Packet capture data generally includes information like the source and destination IP addresses, mac addresses, the sizes of the forward and backward packets, event durations, and start times of the event, among other details.

Between IP addresses and mac addresses for identifying a device: IP addresses are dynamically assigned, while the mac addresses is a fixed device ID. For the purpose of this notebook, we'll be focusing on macaddresses, event starts, and durations to determine where devices are. Fields like packet size, direction are all important for understanding full network picture, but not necessary to understand locations of devices.

Since this is simulated data of network useage per gateway, the data is broken down based off each network gateway devices and location. This data will be combined into one massive table including the room location as a column to a dataframe, then this dataframe studied.

In [1]:
import atoti as tt
import pandas as pd

#### Data ETL

In [2]:
dfDict = {}
for room in ["bullpen", "conference1", "conference2", "conference3", "conference4"]:
    df = pd.read_csv(
        f"s3://data.atoti.io/notebooks/iot-load/{room}.csv", index_col="EventKey"
    )
    name = str(room)
    dfDict[name] = df

NetworkFlows = pd.concat(dfDict, names=["Room", "FlowId"])

In [3]:
NetworkFlows.dtypes

EventTime        object
MacAddress       object
EventDuration     int64
dtype: object

In [4]:
NetworkFlows.EventTime = NetworkFlows.EventTime.astype("datetime64[ns]")

#### Session Creation

Now that this is combined into a single dataframe, we can move ahead with injesting this data into Atoti. We'll create a session, setting up a few configs, and create our cube.

In [5]:
session = tt.Session(user_content_storage="./content")

In [6]:
Flows = session.read_pandas(NetworkFlows, table_name="NetworkFlows")
Flows.head()

Unnamed: 0,Room,FlowId,EventTime,MacAddress,EventDuration
0,bullpen,20220404080059:001AA0OOZAVP,2022-04-04 08:00:59,00:1A:A0:OO:ZA:VP,544
1,bullpen,20220404080458:0016DB1060EF,2022-04-04 08:04:58,00:16:DB:10:60:EF,88
2,bullpen,20220404080532:0016DBQFXS4N,2022-04-04 08:05:32,00:16:DB:QF:XS:4N,279
3,bullpen,20220404080622:001B63ZNGJ2C,2022-04-04 08:06:22,00:1B:63:ZN:GJ:2C,28
4,bullpen,20220404080839:001AA0YY0I3B,2022-04-04 08:08:39,00:1A:A0:YY:0I:3B,208


In [7]:
cube = session.create_cube(Flows)
h, l, m = cube.hierarchies, cube.levels, cube.measures

In [8]:
h

With our cube created, we can investigate what the data looks like, generally speaking.
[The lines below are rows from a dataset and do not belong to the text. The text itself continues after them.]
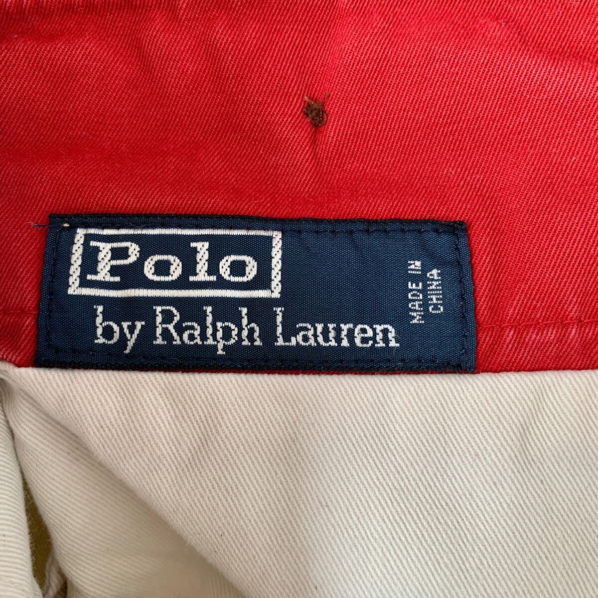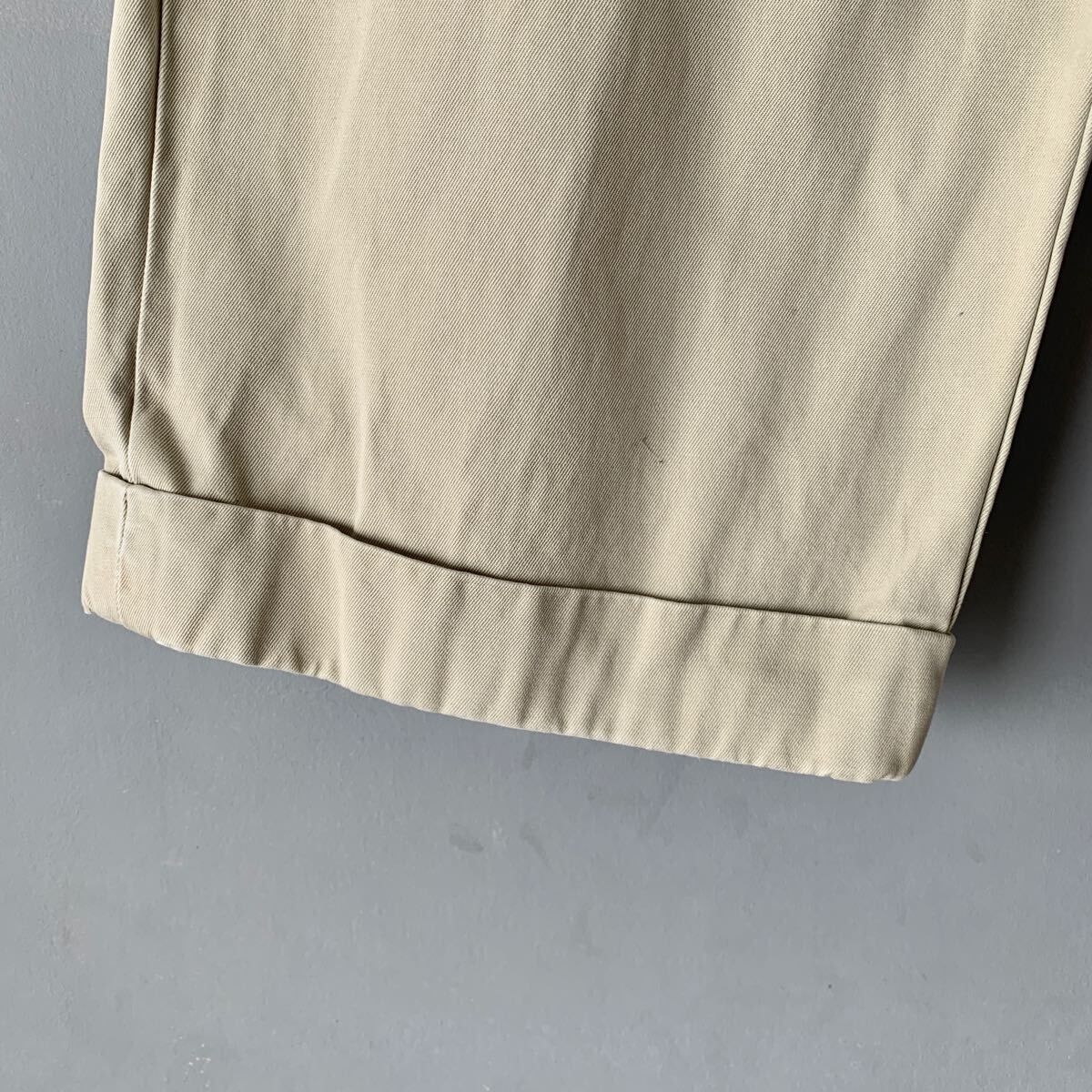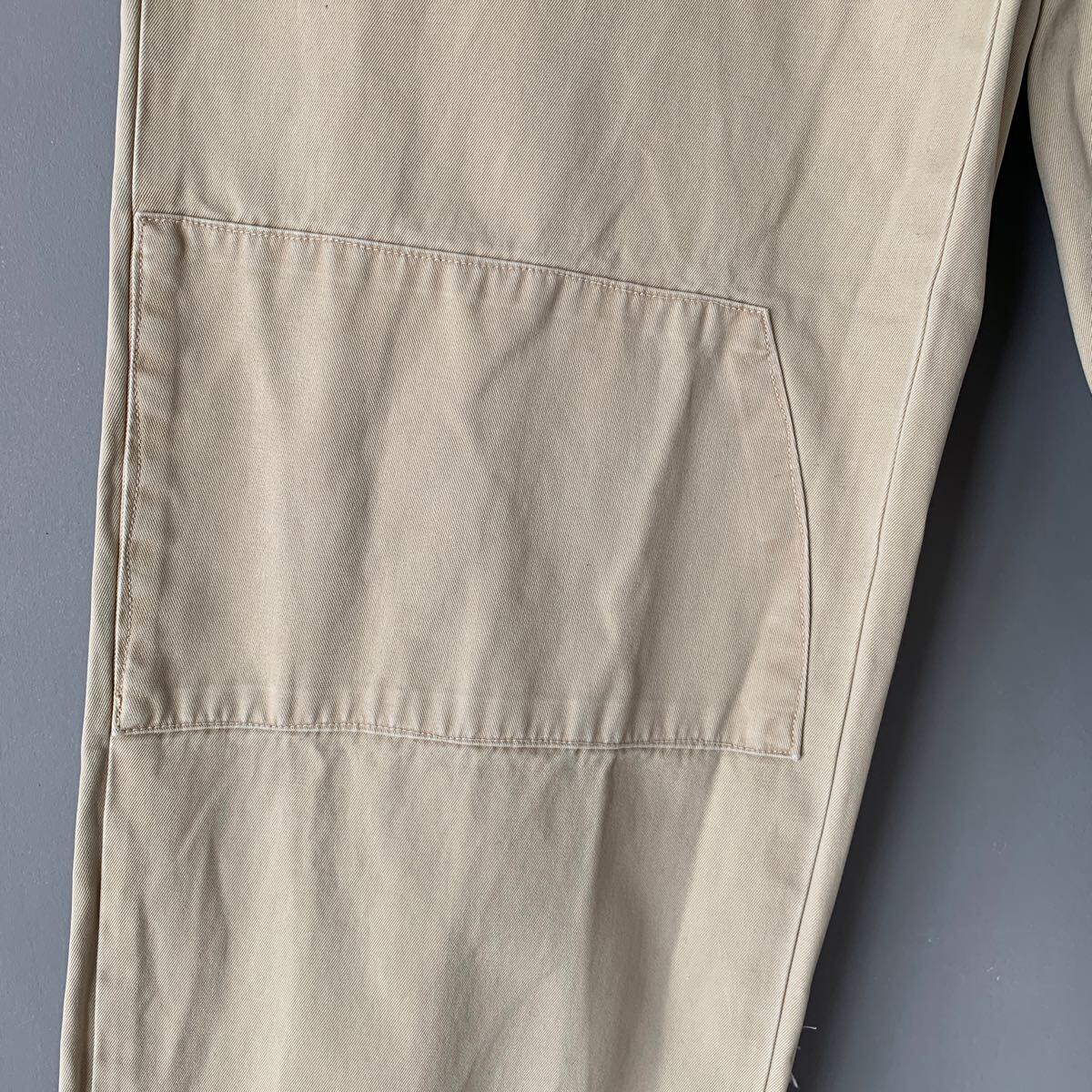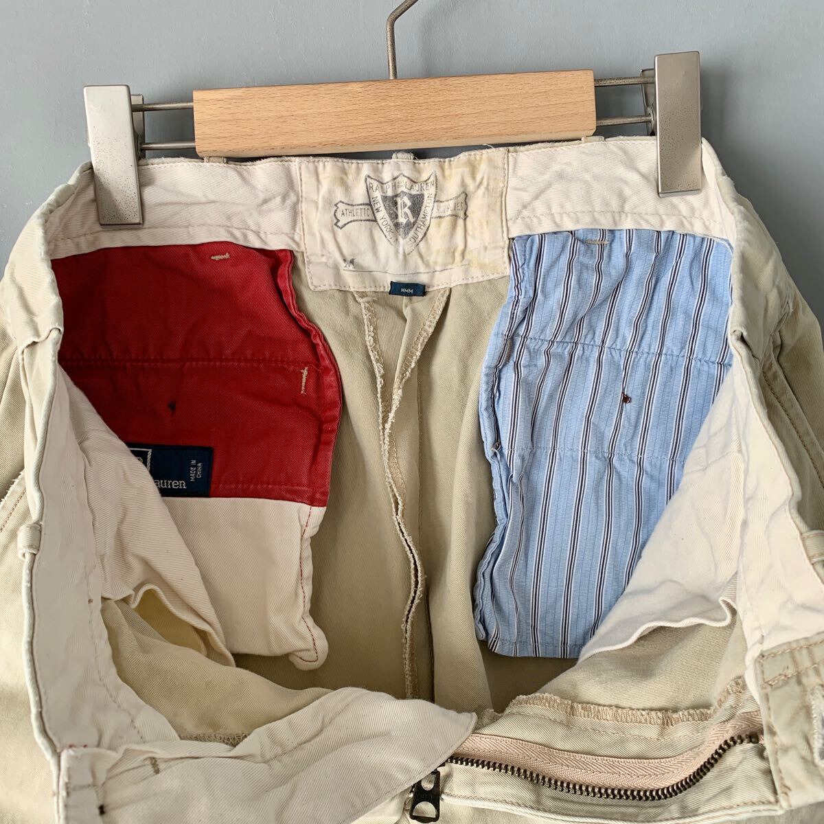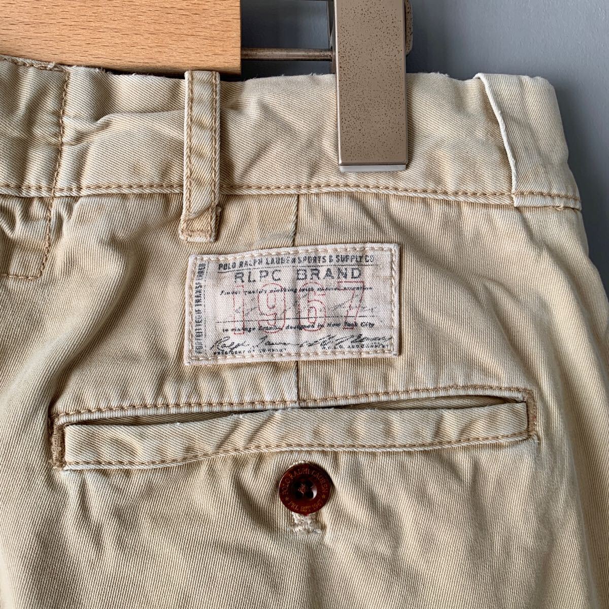 ラルフローレンのチノパンツです。ベーシックなトラウザータイプのチノに、膝に大きくリペア1箇所、小さいリペア2箇所、バックポケット袋の生地張り替えなど、程よいさじ加減のリアルなカスタムがほどこされています。(新品からのものです)
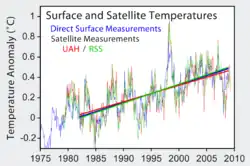 - (en) Cet article est partiellement ou en totalité issu de l’article de Wikipédia en anglais intitulé « Satellite temperature measurements » (voir la liste des auteurs).
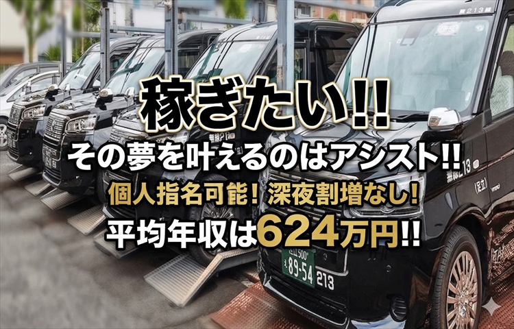 とにかく稼ぎたい!夢を実現する為にお金が必要!そんな野心を持った方大歓迎!平均年収は驚異の624万円!トップドライバーは年収1000万円以上!高収入を実現しているアシストタクシーの求人情報!
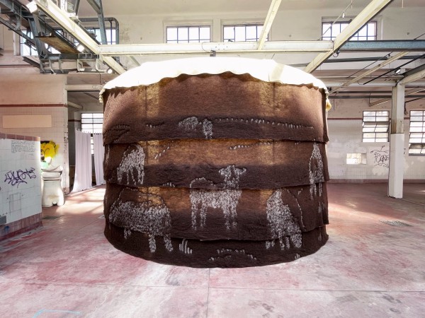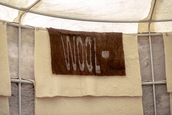 The Felted Wool Pavilion is part of the Bioregional Design Practices exhibition by Atelier LUMA, presented at Alcova during Milan Design Week 2023 – in collaboration with AATB. The pavilion is showcasing an intermediate result of the research project „Wool Tools“, investigating novel felt production. The outside of the pavilion shows a large-scale illustration of a sheep herd in the Camargue Area. The robotic felting technique is used to assemble all the wall layers in a functional felt seam. Inside the pavilion, a robotic arm demonstrates the customised felting process in a live production that combines traditional needle felting, new physical tool and digital methods with its various possibilities to felt typography, illustrations, patterns and gradients.
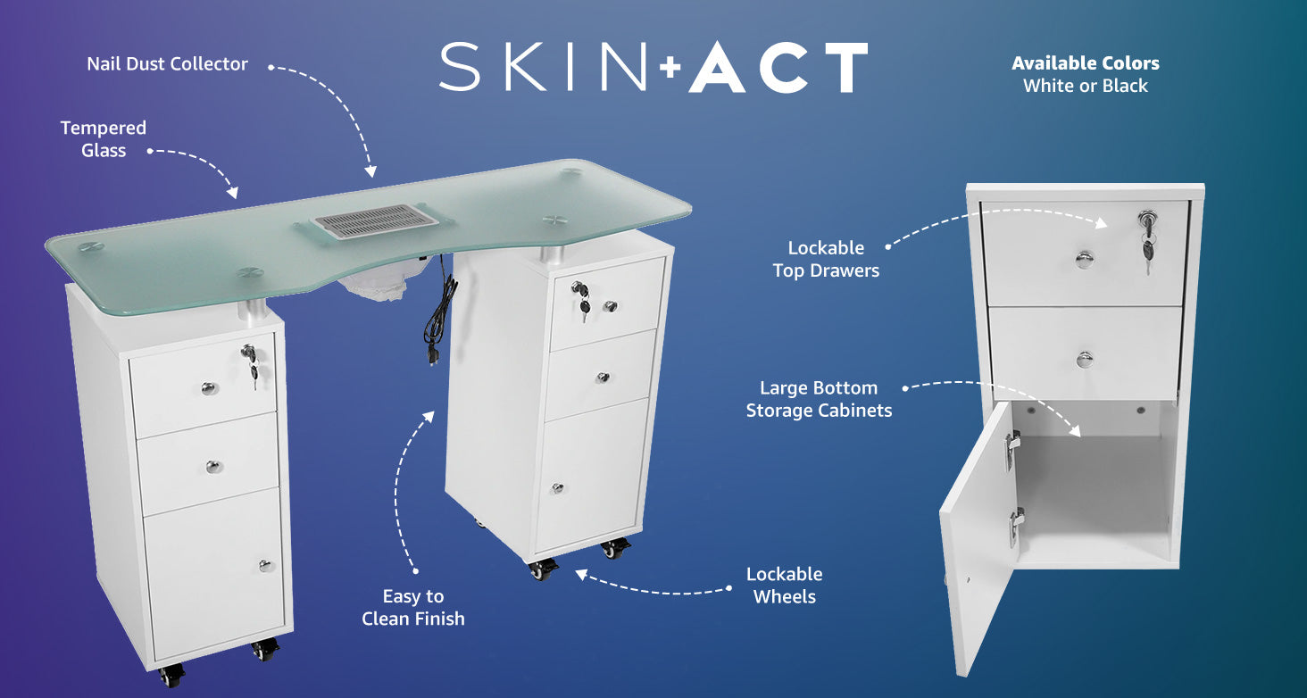 The Pro Manicure Table is a sleek, modern workstation designed for professional salon use, combining style with practical functionality. It features a durable tempered glass top elevated above a spacious cabinet, which includes dual top lockable drawers and additional storage compartments for organizing tools and supplies. A built-in ventilation system with a fan and dust-collection bag helps maintain a clean work area. With a wide knee well and comfortable working height, it ensures ease of use for both clients and technicians. Its streamlined design complements a variety of salon interiors.
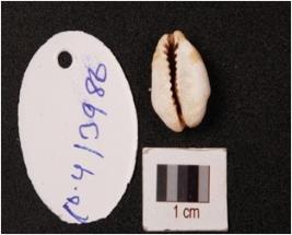 | Description / विवरण | A cowie shell, natural marine object with natural groove, powdery surface and natural white in colour. |
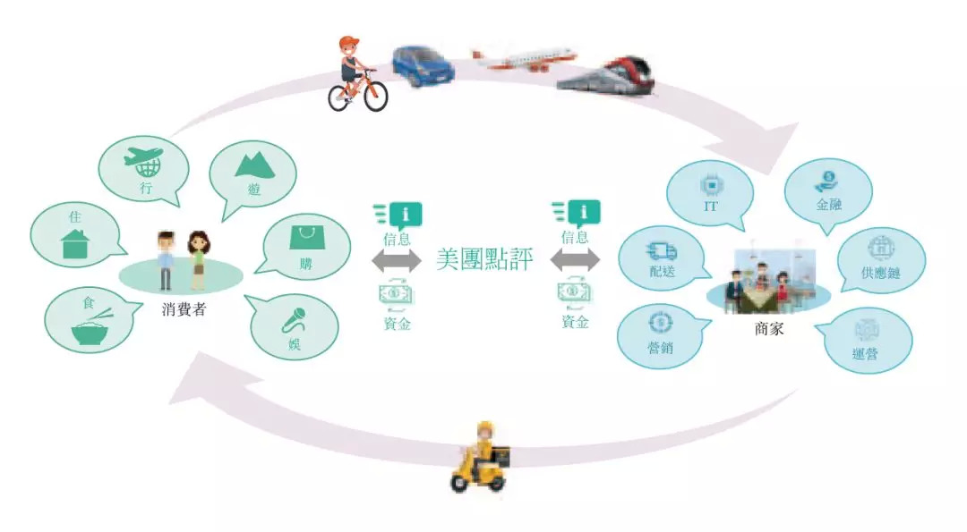 我们的科技平台连接消费者和商家,覆盖信息流和资金流。针对消费者,我们提供覆盖人们日常生活需求的多种服务。针对商家,我们提供多种解决方案使其运营数字化。在到店、酒店和旅游服务中,我们将在线消费者引流至线下商家;在实时配送服务中,我们将商家提供的服务送达消费者。同时,我们庞大的实时配送网络和多种交通服务使这种连接成为可能。
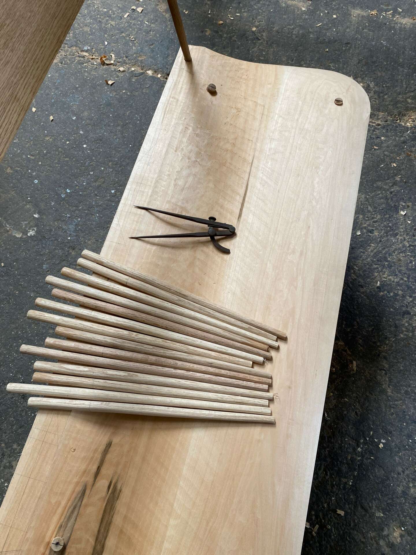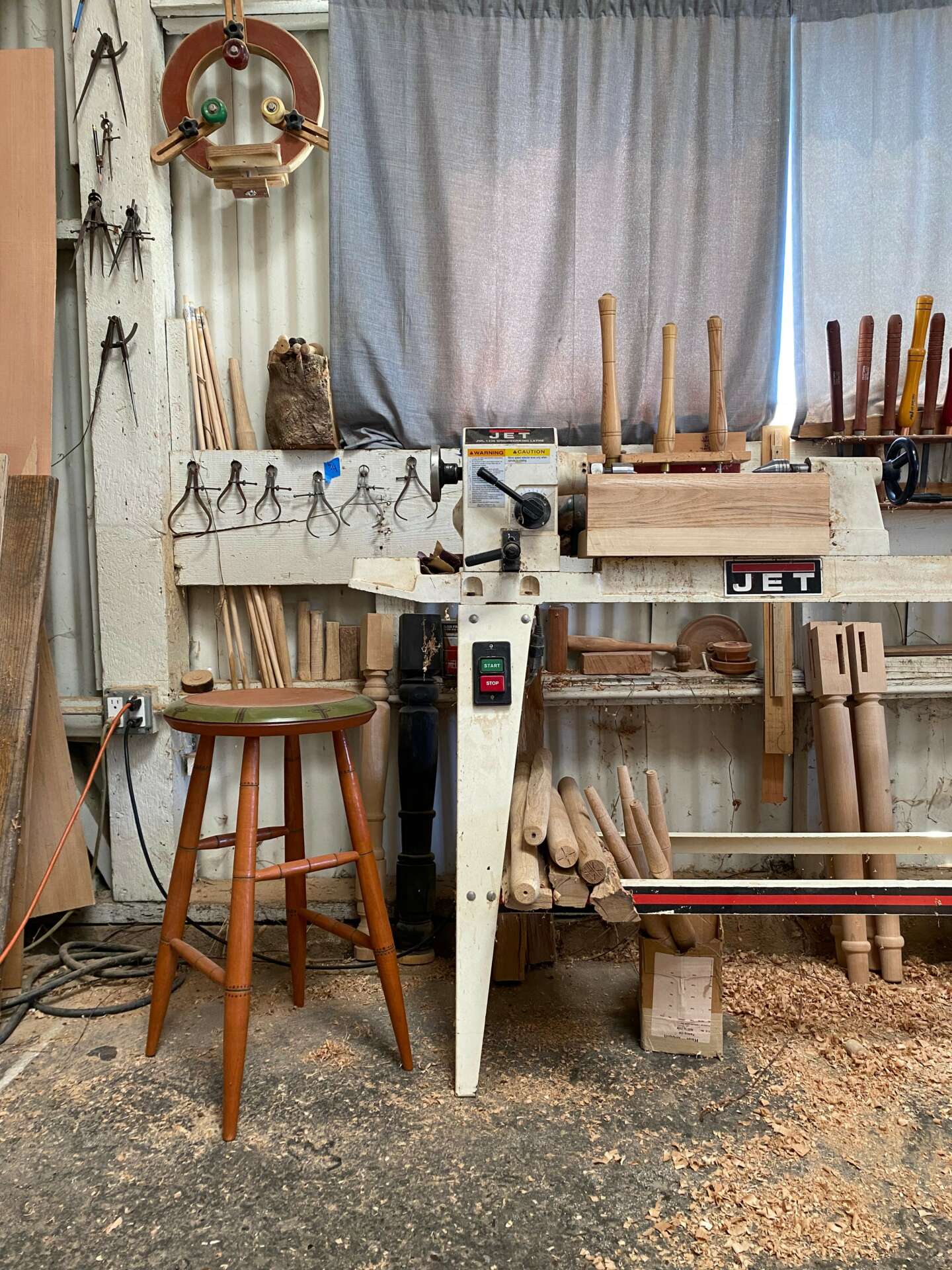 I came to my craft, I suppose initially from art. When I was a kid I was always drawing cartoons. In high school I was drawing flyers for punk shows and zines or whatever, and designing logos for friends bands. Which led to silk screening t-shirts, I enjoyed the creative control. This sort of led to block printing, I found carving to be a discipline I could sit down to for hours and really enjoy. It didn’t feel like a task, I could spend all day and night carving undisturbed. Anyways, I guess the first woodworking tools I got were some carving tools. From carving wood blocks to print, I wanted to frame some of my prints and embellish the frames. Then I started carving tikis on driftwood and making frames and boxes. So I’d look up terminology, or tools, and names of different joints. And dive into each one, reading all I could find. And I still pretty much do the same thing. Now I can spend a day at the lathe turning legs and parts for chairs after splitting the parts out of a log. The sculpting process is what I still enjoy. And carving the seats. Windsor chairs have no right angles, and are all about the negative space. For me it’s a thrill to sculpt each piece, every pass of the tool alters the chunk of wood until you are satisfied enough to set the tool down and walk away. I think my work has a human-ness to it that I try to emphasize. Every piece is made by my two hands. There are no robots in my shop. Wood grain is so unique and expressive, and I try to embellish that with the right amount of tool marks. Letting the user know through visual and tactile senses, that a human made this and it’s not perfect. My instructor Tony Fortner says we don’t say that word, and I still don’t use it. I make furniture to be used and enjoyed. I was drawn to period furniture and antiques because if they are made well enough to withstand decades even centuries of use, they develop a patina and character all their own. I find that very beautiful. I suppose I’m at this stage in my career where I don’t just get to do one thing. I’m not to the point where I can be too selective on what jobs I get to turn down. I mostly have to say yes to every call, which sometimes finds me crawling under houses or up on ladders. But for now in my work, I’m most proud of my ability to figure things out so I can keep creating things out of wood.
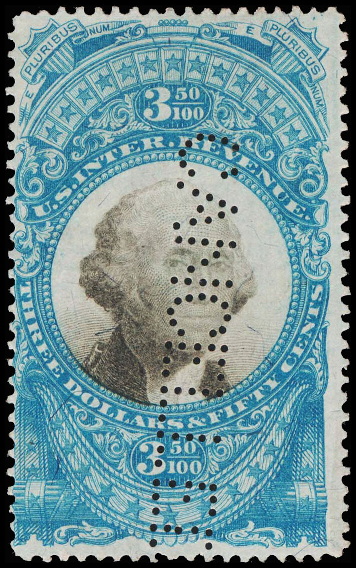 (R126) PI, dark color, VG-F, this is the only recorded example with perforated initials.

For example, we can investigate the traffic across rooms.

#### Cube Verification

In [9]:
session.visualize("Basic Visualization of Data")

## Hierarchy Management

Having investigated the basic shape of our data, there are other ways we'll like to classify or investigate our data. For example, it would be useful to look at our traffic based on the time buckets. We have a datetime column. From here, we can use create_date_hierarchy to break this down further.

Since our data all takes place in the same year and month, we'll only break this down to the day and hour. We'll also create a separate date hierarchy for just the hour.

In [10]:
cube.create_date_hierarchy(
    "DateTime", column=Flows["EventTime"], levels={"Day": "d", "Hour": "HH"}
)
cube.create_date_hierarchy("Hour", column=Flows["EventTime"], levels={"Hour": "HH"})

In [11]:
session.visualize("Number of Events over Time")

From this, we can already see something pretty intuitive: there is more network traffic between the hours of 08:00 and 18:00, which are reasonable working hours for an office.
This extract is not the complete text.